フィリーズのカイル・シュワバー外野手(32)が記録した「1試合4本塁打」の衝撃は、球界に大きな波紋を呼んでいる。28日(日本時間29日)の本拠地ブレーブス戦で46号ソロ、47号2ラン、48号3ラン、49号3ランと4連発をたたき出し、MLB公式記録では21人目、フィリーズ史上ではマイク・シュミット以来49年ぶり4人目の偉業を達成した。
シーズン本塁打数も一気に伸ばし、ドジャース・大谷翔平投手(31)とのナ・リーグ本塁打王争いでリードを4本差にまで広げた。しかし、注目すべきは、この歴史的夜を契機に加速するシュワバーの「未来予想図」だ。
今季が4年総額7900万ドル(約116億2000万円)の大型契約最終年となるシュワバーは、今オフにFAとなる。米専門局「MLBネットワーク」のジョン・モロシ記者は同局のライブ放送で「シュワバーの次の契約は3~4年で総額1億ドル(約147億円)規模」と予測。年俸換算で3000万ドル(約44億円)超という破格の評価であり、大砲不足に悩む球団にとっては垂ぜんのターゲットとなる。

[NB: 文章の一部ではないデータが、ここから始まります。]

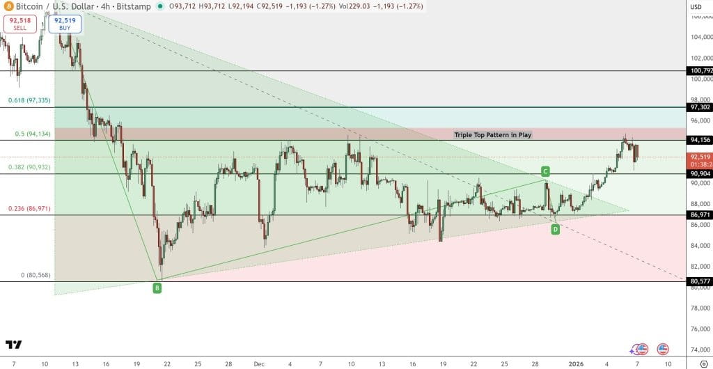 No gráfico de 4 horas, a previsão de preço do Bitcoin permanece alcista, pois o BTC continua limitado abaixo da faixa de resistência de 94.000–95.000 dólares, onde uma estrutura de triplo topo começou a se formar.

さらにモロシ氏は、レッドソックスの「レジェンドDH」として歴史に名を残すデビッド・オルティス氏(49)を引き合いに出した。「DHのポジションを理解し、打席を支配できる左の長距離砲。40歳までオルティス氏のように活躍できる」と、その将来像を重ねた。実際、この試合で9打点をマークしたシュワバーは、今季119打点でリーグトップ。49本塁打は球団史上でライアン・ハワードの58本に次ぐシーズン2位の数字であり、キャリアハイを更新している。
もっとも、FA市場での評価は年齢との兼ね合いもある。32歳というキャリア後半に差しかかる中、純粋な長打力に加えて勝負強さやリーダーシップを武器に「大砲専任」の価値をどこまで押し上げられるかが焦点となる。
1試合4本塁打で一夜にして“伝説”の座を手にした男は、果たして来季どのユニフォームを着て打席に立っているのか。フィリーズ残留か、それとも新天地か。大谷との本塁打王争いと同時に、シュワバーの去就がオフ最大の注目テーマとなることは間違いない。